Inside the shop there was a good selection of skis, certainly no snowboards, cross country equipment, snowshoe kit and two mono-skis of questionable quality. I arrange with the owner a day to hire them, filled in the paperwork and left a deposit. Next I went to inform my accomplice in this adventure who seemed surprised and mildly concerned.
It may be worth you knowing the level of our skiing. I was average at best, having learnt skiing at a young age then abandoned it for snowboarding, something I have later come to regret, not least on the upcoming “mono-ski” day. My buddy was a better skier than me however his distinct Dad style gave away the many floors in his technique which would also hinder his mono début.
The day arrived and lucky for us it was a pleasant spring day on the mountain. In a vain attempt to distract anyone from our lack of ability, we decided to dress-up as we assumed a mono skier would dress. Our outfits involved head bands and day-glow clothing, a look that seems to repeat itself on the slopes regularly as part of a decade long cycle.
I went for the turquoise and pink mono-ski the other one was purple and yellow, seemingly reinforcing our choice of attire. We headed for the lifts. Rather predictably we opted for the British approach to exploring which is to muddle through, invent and learn in the field. Our first challenge was the chairlift. I won’t waste your time with faux suspense at the outcome at the end of the lift. Let us just say there were people sat on a stationary lift wondering if this was the day they would be rescued.
Finally we were clipped in, we stood up and pushed off. We weren’t expecting immediate success nor were we expecting it take 2 hours to get down a slope that would normally take us 5 minutes to ride down. There is no forgives on a mono that you get on two skis and the motion of planting poles is crucial to success leaving me endlessly muddled in my attempt and on the floor after most turns. My biggest mistake was trying to use my poles to push off to make the turns. This did aide my speed down the hill, however that was with my back lying on the ski, feet still clipped in, head pointing down, with poles and head gear liberally distributed down the slope.
My second mistake was telling people we were going to attempt this and choosing a run than pretty much had a lift running over it the whole length.
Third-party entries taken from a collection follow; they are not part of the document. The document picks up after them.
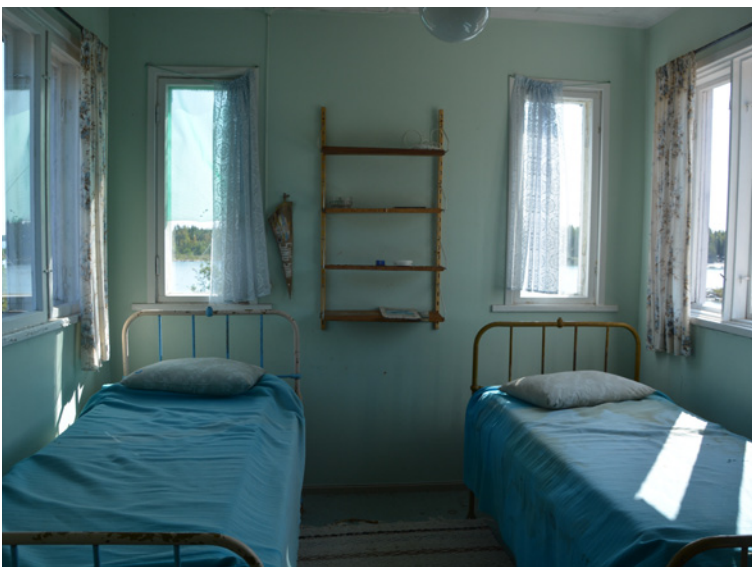
I den stora lotsstugan finns sängplatserna kvar. FOTO: ANDERS BERGVIK

Peder Sahl skulle helst se att Senatsfastigheter skänker Högklubben till Kristinestad. FOTO: ANDERS BERGVIK
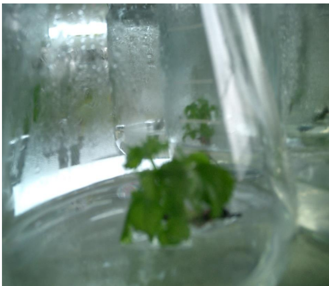
FIGURA 1.3 VITROPLANTAS A LOS 90 DIAS

En la Tabla 3, el promedio de número de brotes, registrado a los 90 días de la siembra in vitro de Mora tropicalizada ( Rubus brasus ), podemos observar que los tratamientos T1 , T2 , T3 , y T4 son estadísticamente diferentes entre sí al nivel del 1% de probabilidades de acuerdo a la prueba de Tukey. El coeficiente de variación calculado fue del 16,29 %.
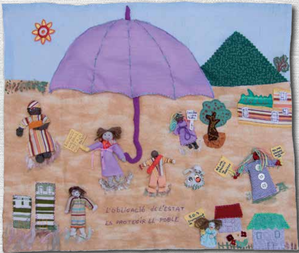
L'obligació de l'Estat 41 x 50 cm
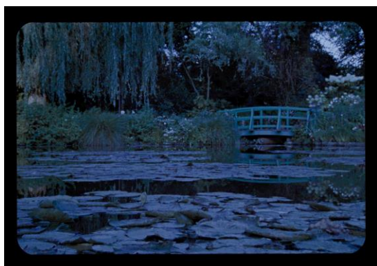
Meadow Report 2021 Film 35 mm, couleur et son © Marine Hugonnier

Normally I am the one sat on a chairlift laughing at the misfortune of others, today I was being laughed at, commented on and on occasions applauded but with irony. My friend feared no better than me I am pleased to report. Possibly my third mistake was not giving up after the first run, through the course of the day my technique didn’t really improve and my biggest success was probably linking 10 turns before confusion ultimately got the better of me.
At the end of the day we felt a bit sore, quite demoralised and no better at mono-skiing. I can thoroughly recommend this as a minority sport that you don’t need to try.